From the listing below, give again exactly the lines from the line with "Marian s Vildou" to the line with "CHANEL Wild Stitch", ends included, without any pictures.
[EXTRACTED RECORDS]
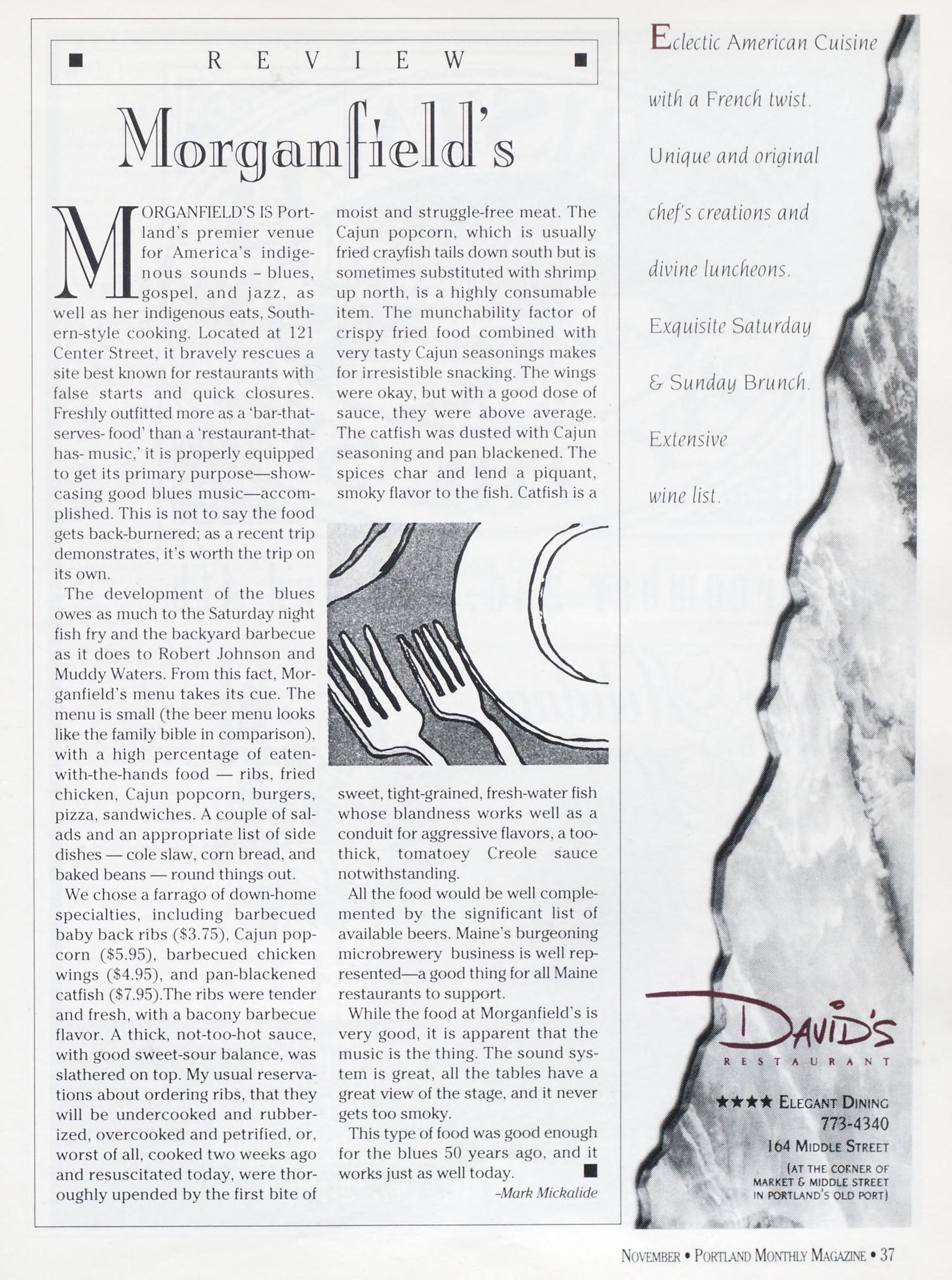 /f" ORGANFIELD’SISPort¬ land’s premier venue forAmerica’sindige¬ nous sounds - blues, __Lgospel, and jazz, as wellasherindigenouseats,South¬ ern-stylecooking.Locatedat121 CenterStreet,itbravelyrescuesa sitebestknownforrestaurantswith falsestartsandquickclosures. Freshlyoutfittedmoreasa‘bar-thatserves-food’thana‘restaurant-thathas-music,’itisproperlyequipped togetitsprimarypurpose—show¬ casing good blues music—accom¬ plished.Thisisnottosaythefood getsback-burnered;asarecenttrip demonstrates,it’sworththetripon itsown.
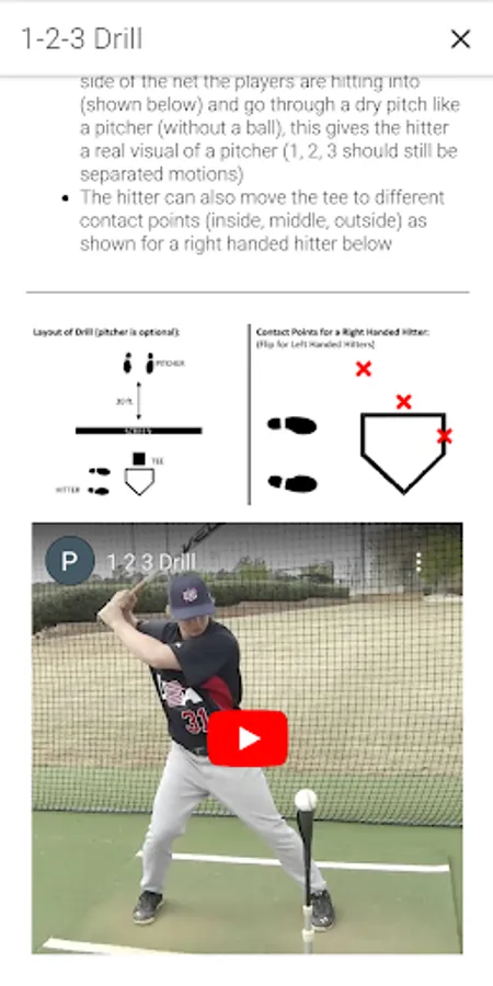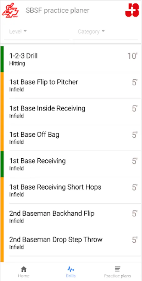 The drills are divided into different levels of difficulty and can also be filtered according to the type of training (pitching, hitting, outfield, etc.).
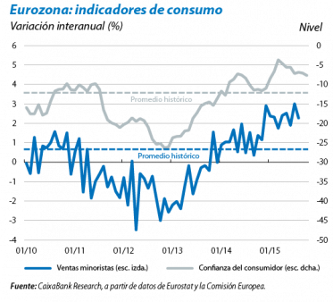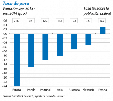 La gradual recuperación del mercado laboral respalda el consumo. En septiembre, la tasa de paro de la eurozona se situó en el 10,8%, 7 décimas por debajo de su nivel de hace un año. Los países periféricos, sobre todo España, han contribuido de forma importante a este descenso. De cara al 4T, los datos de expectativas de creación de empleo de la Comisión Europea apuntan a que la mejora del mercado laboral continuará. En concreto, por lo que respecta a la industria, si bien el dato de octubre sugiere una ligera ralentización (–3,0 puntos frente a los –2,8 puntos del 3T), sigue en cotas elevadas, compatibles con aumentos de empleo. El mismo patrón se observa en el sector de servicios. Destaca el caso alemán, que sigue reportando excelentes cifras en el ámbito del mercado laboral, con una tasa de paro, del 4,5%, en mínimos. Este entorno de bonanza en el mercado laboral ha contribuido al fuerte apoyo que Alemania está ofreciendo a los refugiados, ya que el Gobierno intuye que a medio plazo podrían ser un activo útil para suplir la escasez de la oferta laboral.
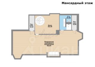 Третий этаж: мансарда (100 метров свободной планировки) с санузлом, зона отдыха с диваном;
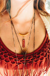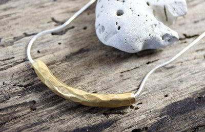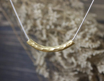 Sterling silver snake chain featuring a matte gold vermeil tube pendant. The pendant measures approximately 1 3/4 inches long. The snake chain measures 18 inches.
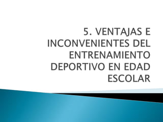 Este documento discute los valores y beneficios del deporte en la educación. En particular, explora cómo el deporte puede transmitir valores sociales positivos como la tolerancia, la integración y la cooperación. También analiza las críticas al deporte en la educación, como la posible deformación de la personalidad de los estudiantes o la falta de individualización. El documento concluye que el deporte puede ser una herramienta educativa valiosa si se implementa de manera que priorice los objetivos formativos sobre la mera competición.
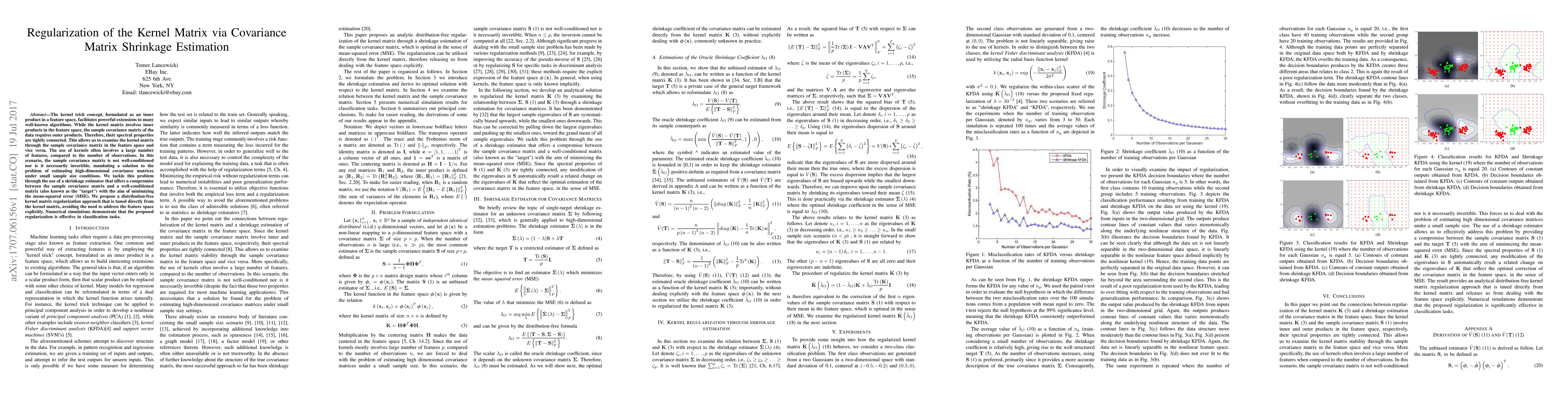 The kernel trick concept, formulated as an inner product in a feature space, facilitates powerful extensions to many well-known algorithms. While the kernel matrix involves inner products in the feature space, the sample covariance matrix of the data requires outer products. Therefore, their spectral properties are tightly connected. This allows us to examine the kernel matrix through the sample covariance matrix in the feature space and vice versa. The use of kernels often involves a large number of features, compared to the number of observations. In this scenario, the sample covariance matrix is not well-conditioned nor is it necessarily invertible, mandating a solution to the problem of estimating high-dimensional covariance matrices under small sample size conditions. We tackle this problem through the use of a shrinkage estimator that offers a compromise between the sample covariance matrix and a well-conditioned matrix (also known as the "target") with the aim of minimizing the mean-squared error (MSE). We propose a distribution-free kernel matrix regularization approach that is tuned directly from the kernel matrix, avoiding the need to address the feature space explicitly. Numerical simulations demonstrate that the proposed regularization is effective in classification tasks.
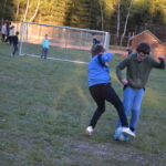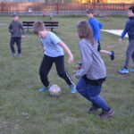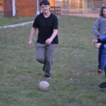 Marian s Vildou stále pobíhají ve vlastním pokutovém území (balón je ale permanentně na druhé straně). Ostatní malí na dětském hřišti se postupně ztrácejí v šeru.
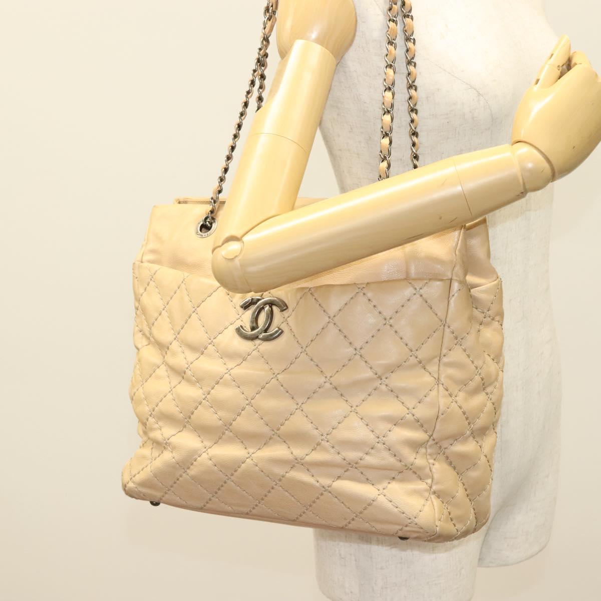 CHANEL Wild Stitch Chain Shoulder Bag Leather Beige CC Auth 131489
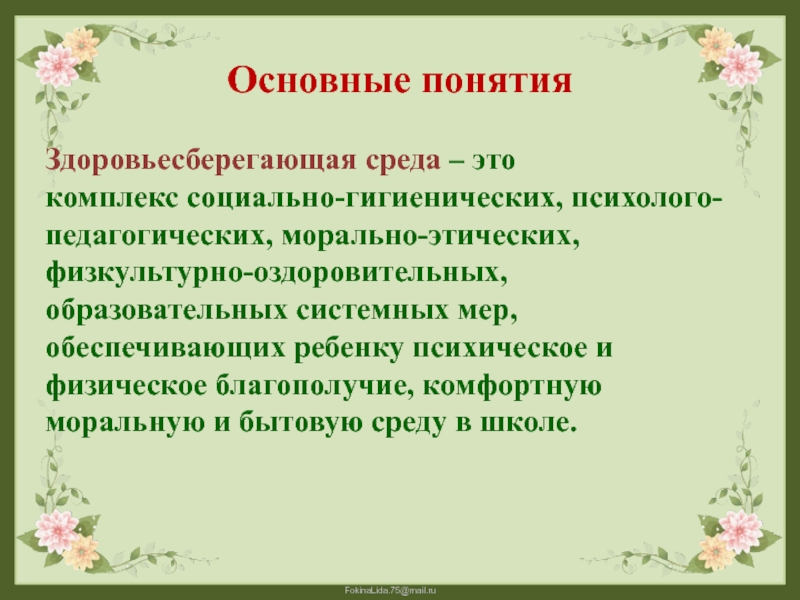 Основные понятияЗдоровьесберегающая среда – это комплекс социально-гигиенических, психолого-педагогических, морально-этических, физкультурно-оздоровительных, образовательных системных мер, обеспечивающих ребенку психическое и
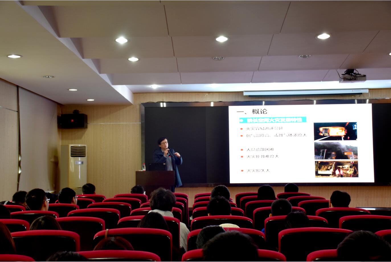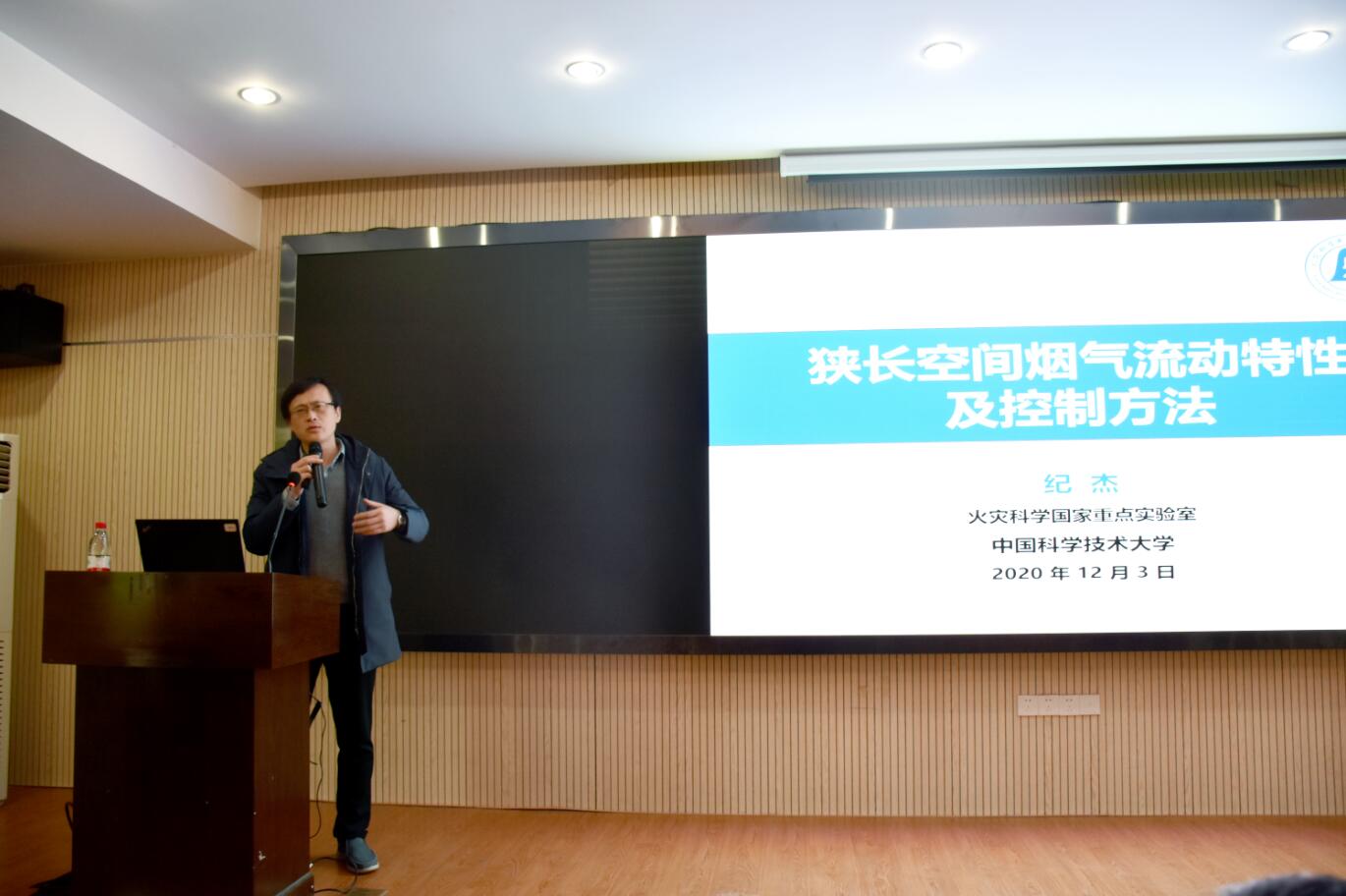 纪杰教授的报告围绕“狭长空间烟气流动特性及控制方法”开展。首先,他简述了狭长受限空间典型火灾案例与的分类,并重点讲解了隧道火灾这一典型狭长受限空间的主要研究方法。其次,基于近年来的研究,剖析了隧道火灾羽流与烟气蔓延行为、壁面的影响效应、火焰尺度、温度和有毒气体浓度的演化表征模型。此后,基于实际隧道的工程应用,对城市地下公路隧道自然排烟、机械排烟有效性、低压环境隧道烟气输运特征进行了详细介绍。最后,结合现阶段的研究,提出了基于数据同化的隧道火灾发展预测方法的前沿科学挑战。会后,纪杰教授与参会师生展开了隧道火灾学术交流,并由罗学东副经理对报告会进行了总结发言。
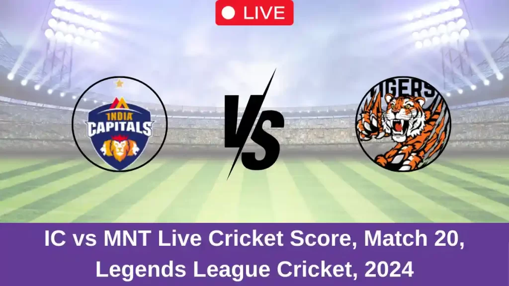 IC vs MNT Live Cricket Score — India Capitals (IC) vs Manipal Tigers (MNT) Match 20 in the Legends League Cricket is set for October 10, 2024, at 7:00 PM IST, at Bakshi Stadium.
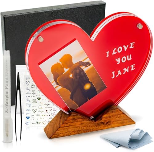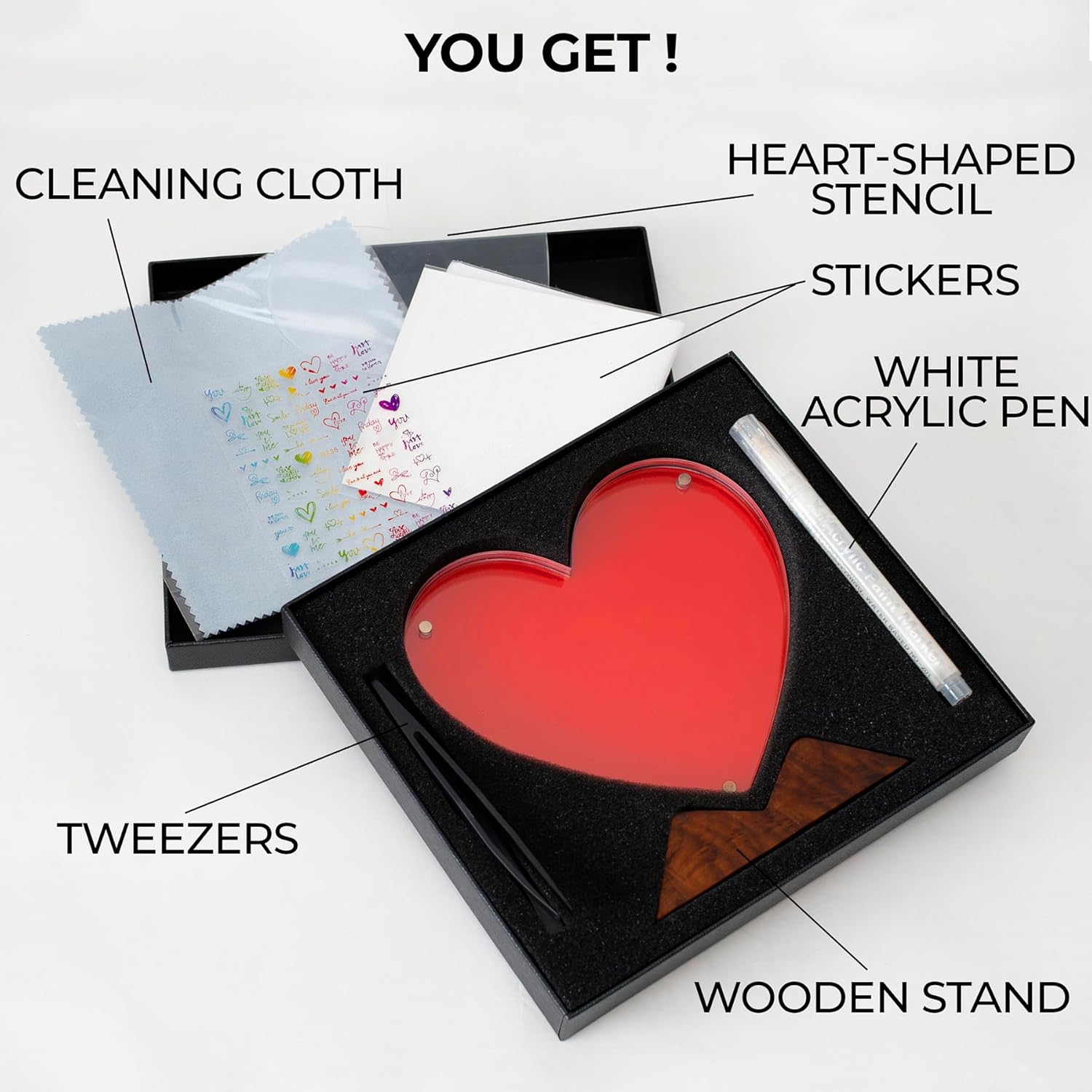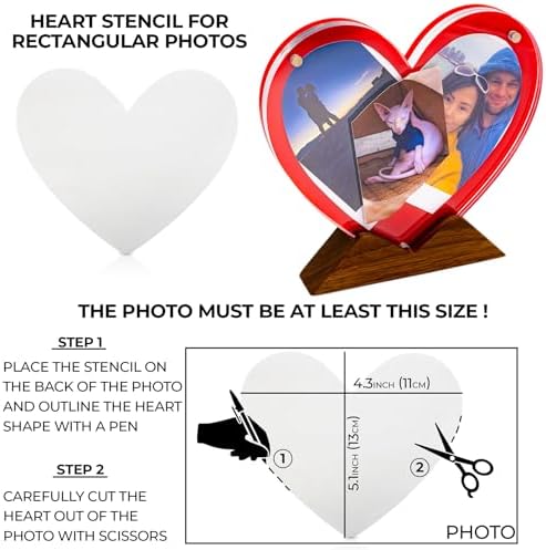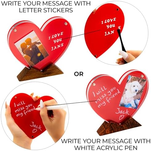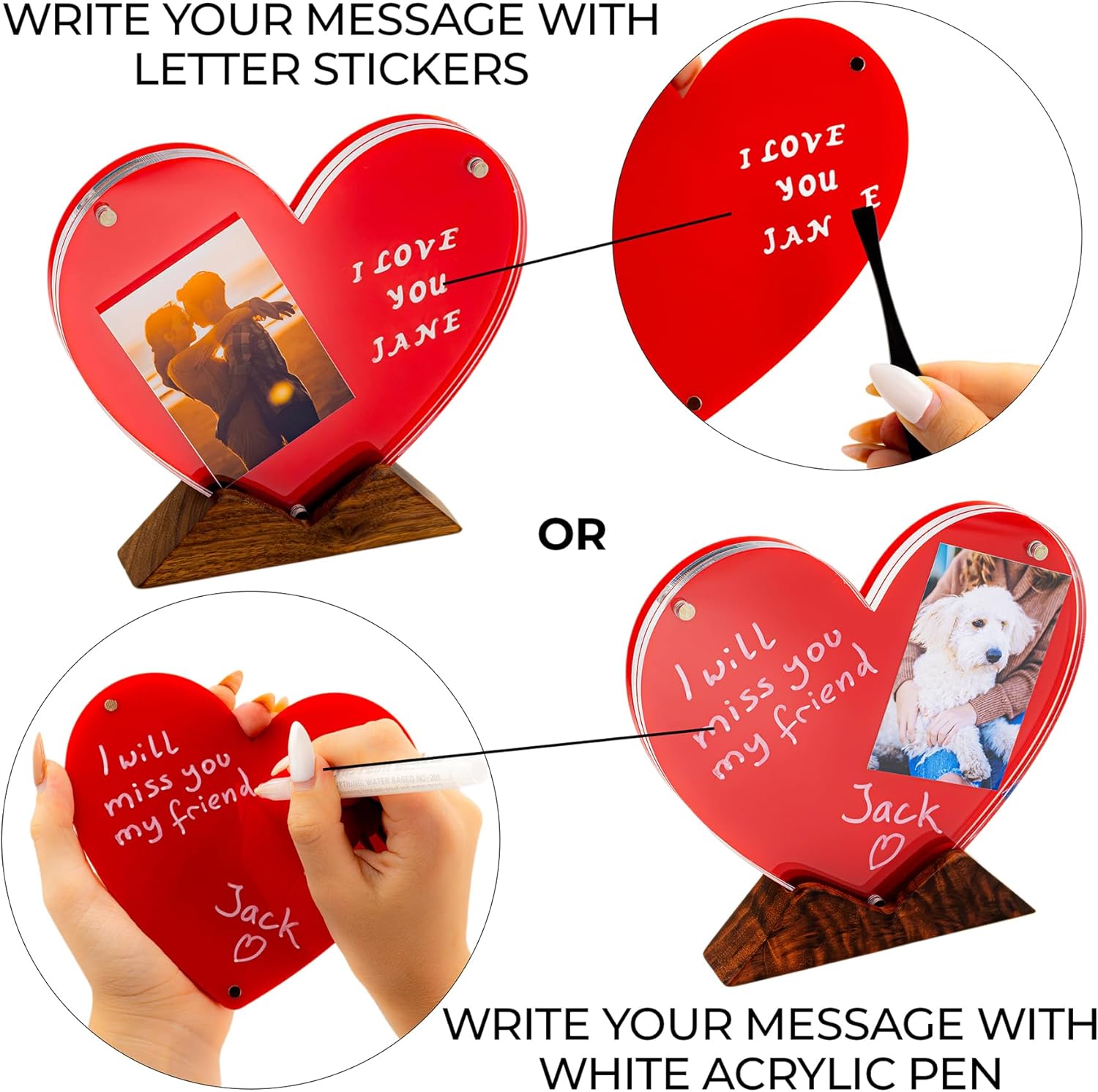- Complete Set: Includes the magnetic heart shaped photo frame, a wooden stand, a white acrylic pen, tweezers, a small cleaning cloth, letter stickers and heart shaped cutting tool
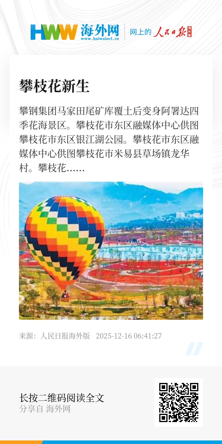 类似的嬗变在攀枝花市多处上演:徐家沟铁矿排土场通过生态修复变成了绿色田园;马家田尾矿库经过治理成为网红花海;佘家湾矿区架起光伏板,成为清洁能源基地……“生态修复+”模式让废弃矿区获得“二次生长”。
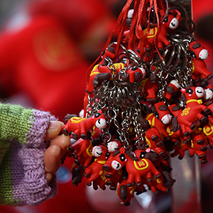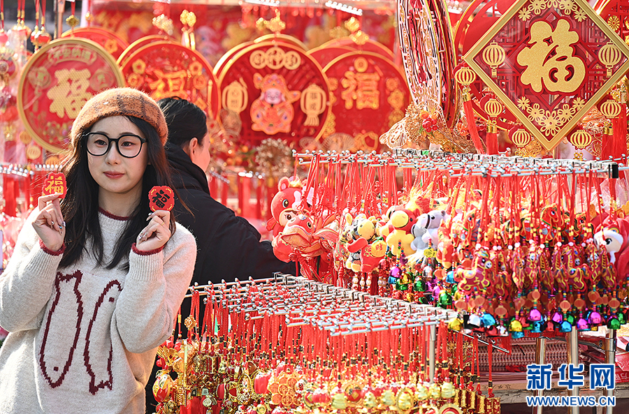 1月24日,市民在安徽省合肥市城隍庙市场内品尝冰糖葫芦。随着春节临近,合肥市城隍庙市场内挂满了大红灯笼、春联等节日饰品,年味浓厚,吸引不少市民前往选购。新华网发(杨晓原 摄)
[/EXTRACTED RECORDS]
* COMPLETED TASK
 Marian s Vildou stále pobíhají ve vlastním pokutovém území (balón je ale permanentně na druhé straně). Ostatní malí na dětském hřišti se postupně ztrácejí v šeru.
 CHANEL Wild Stitch Chain Shoulder Bag Leather Beige CC Auth 131489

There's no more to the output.